TASK ITEM: Transcribe the listing exactly, skipping every picture.

THE DATA:
______________________________
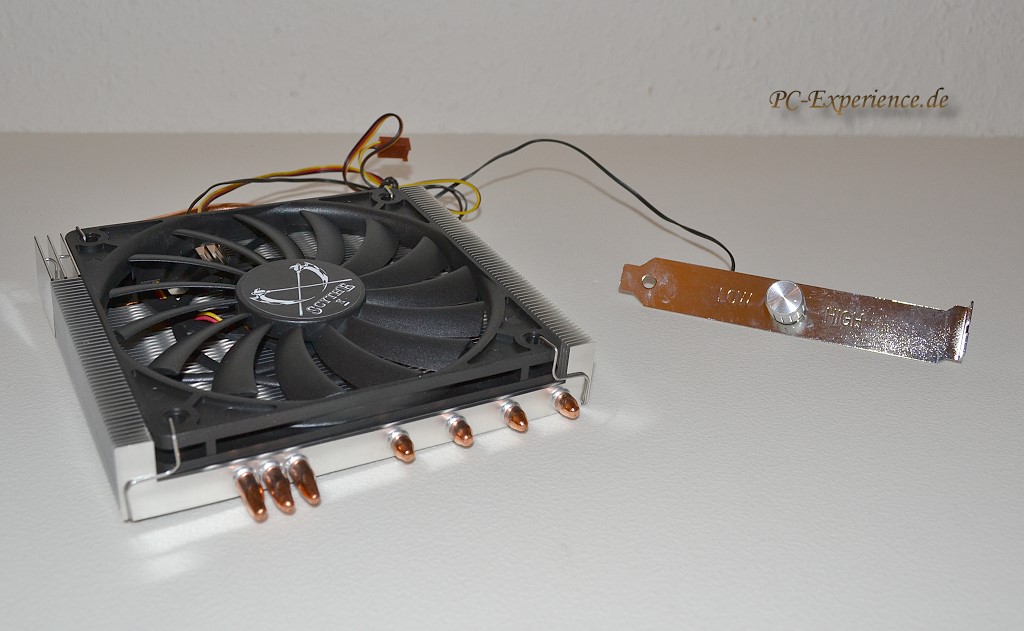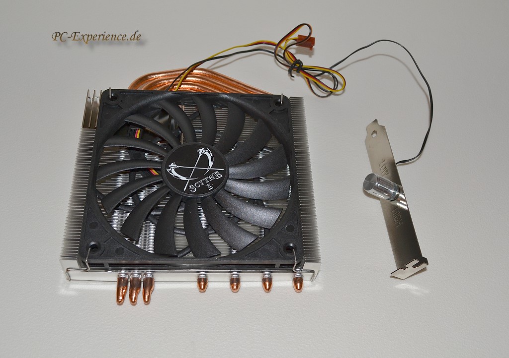 Wer den Lüfter gegen ein 120120x25 Exemplar tauschen möchte, der kann dies zumindest theoretisch tun, denn diese Lüfter passen durchaus in die Lamellen-Aussparungen des Setsugen 2. Was dann allerdings fehlt, sind geeignete Lüfterklemmbügel, die Werksbügel müßten dafür nicht unerheblich verbogen werden und das ist nun wirklich keine koschere Lösung. Eventuell liefert Scythe zu einem späteren Zeitpunkt noch andere Klemmen nach, oder empfiehlt passende Klemmen von anderen Kühlern aus ihrem Sortiment.
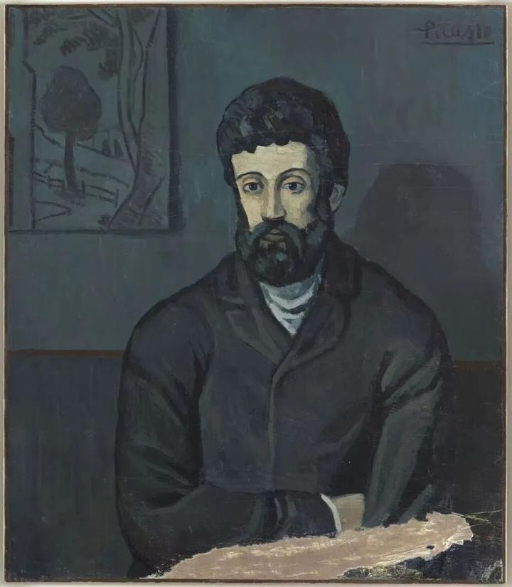 通道的尽头、一片忧郁的蓝色中,《男人肖像》静静悬挂,引领观众走入一片无声的孤独。在此,毕加索描绘了一个面无表情的男人:他望向虚空、目光迷离,同时蜷缩着身体,双臂交叉,颓然坐在咖啡馆的长椅上。
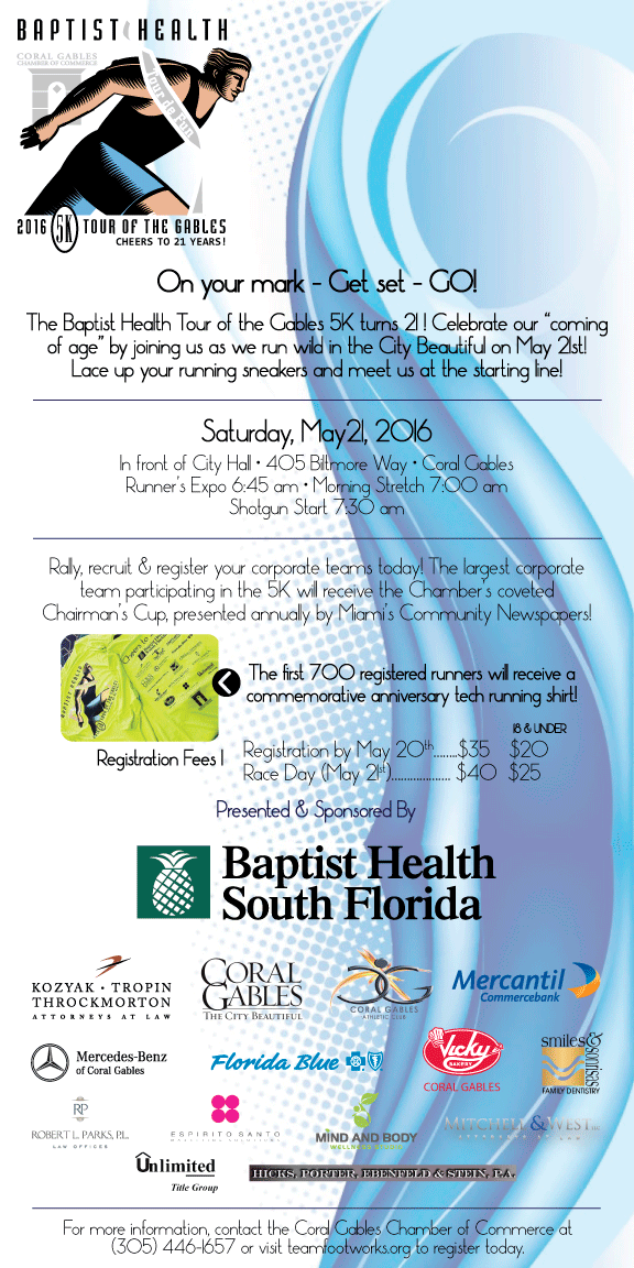 On your mark...get set...Go! The Baptist Health Tour of the Gables 5K run/walk will pace its way through the City Beautiful this Saturday morning, May 21, 2016. As we approach the starting line of this year's race, we invite you to celebrate the event's coming of age. That's right: the Baptist Health Tour of the Gables is turning 21 years old! This Saturday, May 21, runners will pound the pavement as the course takes you on a scenic route through our gorgeous Coral Gables. Enjoy the runner's expo beginning at 6:45 a.m. in Merrick Park across from City Hall, pre-race plyometrics next to City Hall, and warm up at 7:00 a.m. courtesy of the Coral Gables Athletic Club. The race begins at 7:30 a.m. with a shotgun start, led by a pace car courtesy of Mercedes-Benz of Coral Gables. Plus, the first 700 pre-registered runners are guaranteed to receive a commemorative running shirt in honor of this milestone anniversary. There is still time to put a team together to run or walk. The largest team participating will take home the coveted Chairman's Cup, presented annually by Miami's Community Newspapers. Read more...
______________________________
WRITTEN ANSWER:
 Wer den Lüfter gegen ein 120120x25 Exemplar tauschen möchte, der kann dies zumindest theoretisch tun, denn diese Lüfter passen durchaus in die Lamellen-Aussparungen des Setsugen 2. Was dann allerdings fehlt, sind geeignete Lüfterklemmbügel, die Werksbügel müßten dafür nicht unerheblich verbogen werden und das ist nun wirklich keine koschere Lösung. Eventuell liefert Scythe zu einem späteren Zeitpunkt noch andere Klemmen nach, oder empfiehlt passende Klemmen von anderen Kühlern aus ihrem Sortiment.
 通道的尽头、一片忧郁的蓝色中,《男人肖像》静静悬挂,引领观众走入一片无声的孤独。在此,毕加索描绘了一个面无表情的男人:他望向虚空、目光迷离,同时蜷缩着身体,双臂交叉,颓然坐在咖啡馆的长椅上。
 On your mark...get set...Go! The Baptist Health Tour of the Gables 5K run/walk will pace its way through the City Beautiful this Saturday morning, May 21, 2016. As we approach the starting line of this year's race, we invite you to celebrate the event's coming of age. That's right: the Baptist Health Tour of the Gables is turning 21 years old! This Saturday, May 21, runners will pound the pavement as the course takes you on a scenic route through our gorgeous Coral Gables. Enjoy the runner's expo beginning at 6:45 a.m. in Merrick Park across from City Hall, pre-race plyometrics next to City Hall, and warm up at 7:00 a.m. courtesy of the Coral Gables Athletic Club. The race begins at 7:30 a.m. with a shotgun start, led by a pace car courtesy of Mercedes-Benz of Coral Gables. Plus, the first 700 pre-registered runners are guaranteed to receive a commemorative running shirt in honor of this milestone anniversary. There is still time to put a team together to run or walk. The largest team participating will take home the coveted Chairman's Cup, presented annually by Miami's Community Newspapers. Read more...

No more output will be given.